Shares of Infosys Ltd, an Indian IT giant headquartered in Karnataka, plunged 5.5% on March 13, deepening a two-day decline and pushing the stock into bear market territory. The sharp drop wiped out nearly ₹6,875 crore from the wealth of co-founder Narayana Murthy and his family. Analysts cite concerns over slowing U.S. IT spending and macroeconomic challenges as key reasons for the slump.
Infosys Ltd, one of India’s leading IT companies headquartered in Karnataka, witnessed a sharp stock decline on March 13, tumbling 5.5% in a single session. This extended its two-day slide beyond 8%, pushing the stock into bear market territory. The downturn has resulted in a notional wealth erosion of ₹6,875 crore for Infosys co-founder Narayana Murthy and his family.
Infosys, a multinational IT services and consulting firm, has been under pressure due to concerns over slowing IT spending in the U.S. and a challenging macroeconomic environment. The company, which plays a crucial role in India’s IT industry, saw its stock price drop to ₹1,563.80 during the session—nearly 22% lower than its 52-week peak of ₹2,006.80 in December 2024.
Murthy Family Wealth Takes a Hit
Narayana Murthy and his family collectively hold a 4.02% stake in Infosys, the value of which has now declined from ₹33,163 crore in mid-December to ₹26,287 crore.

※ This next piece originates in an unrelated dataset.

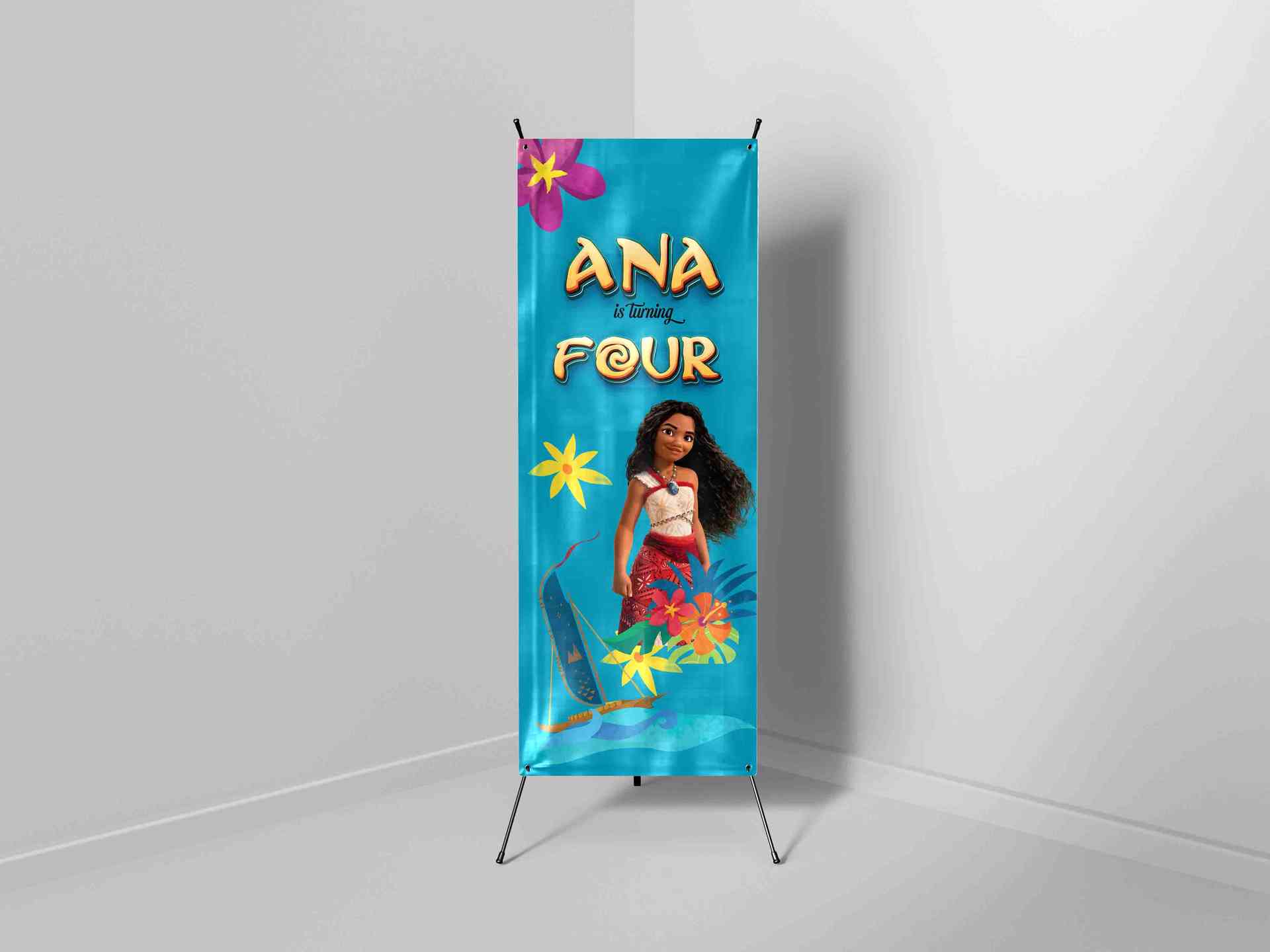 X-Banner ini menampilkan karakter Moana yang energik dan penuh petualangan, sangat cocok untuk pesta ulang tahun anak usia 4 tahun dengan tema tropika...
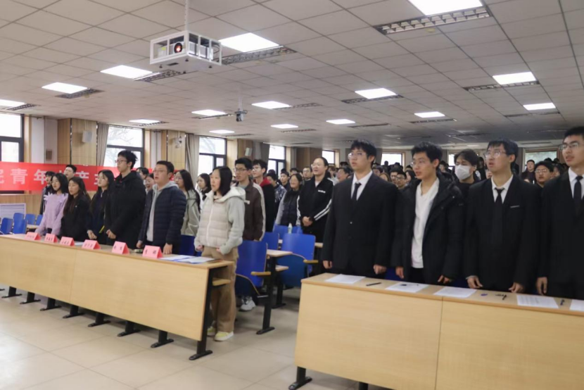 随着主持人宣布开幕式正式开始,现场氛围庄重而热烈。在激昂的旋律中,全体人员起立,齐唱中国共产主义青年团团歌。嘹亮的歌声响彻会场,每一句歌词都饱含着青年学子对团组织的无限热爱与坚定信仰,也正式拉开了本次青共校培训的序幕。

- Narayana Murthy holds a 0.40% stake, which dropped by ₹684 crore to ₹3,299.79 crore.
- Sudha Murty, his wife, owns 0.92% of Infosys, with her stake now valued at ₹7,600.41 crore—down by ₹1,573.54 crore.
- Rohan Murty, their son, is the largest shareholder in the family with a 1.62% stake. His holdings fell by ₹2,771 crore to ₹13,378.5 crore.
- Akshata Murty, daughter of Narayana Murthy and wife of former UK Prime Minister Rishi Sunak, saw her 1.04% stake lose ₹1,779 crore, bringing its value down to ₹8,591 crore.
- Ekagrah Rohan Murty, Narayana Murthy’s grandson, holds a marginal 0.04% stake, also affected by the market drop.
Market Conditions and Analyst Reactions
The broader IT sector also faced significant losses, with the Nifty IT index sinking 4% and officially entering bear market territory, down over 21% from its peak. Infosys, along with Wipro and HCL Technologies, led the sell-off.
Global investment firm Morgan Stanley downgraded Infosys to an ‘equal-weight’ rating, cutting its target price from ₹2,150 to ₹1,740, citing concerns about revenue growth and valuation risks. However, some analysts remain optimistic. CLSA recently upgraded Infosys to ‘accumulate,’ setting a target price of ₹1,978. According to Trendlyne data, 28 out of 40 analysts tracking Infosys still have a ‘buy’ rating.
Despite these mixed outlooks, uncertainty looms over India’s IT sector as fears of a U.S. recession and the rise of AI-driven disruption continue to weigh on investor sentiment.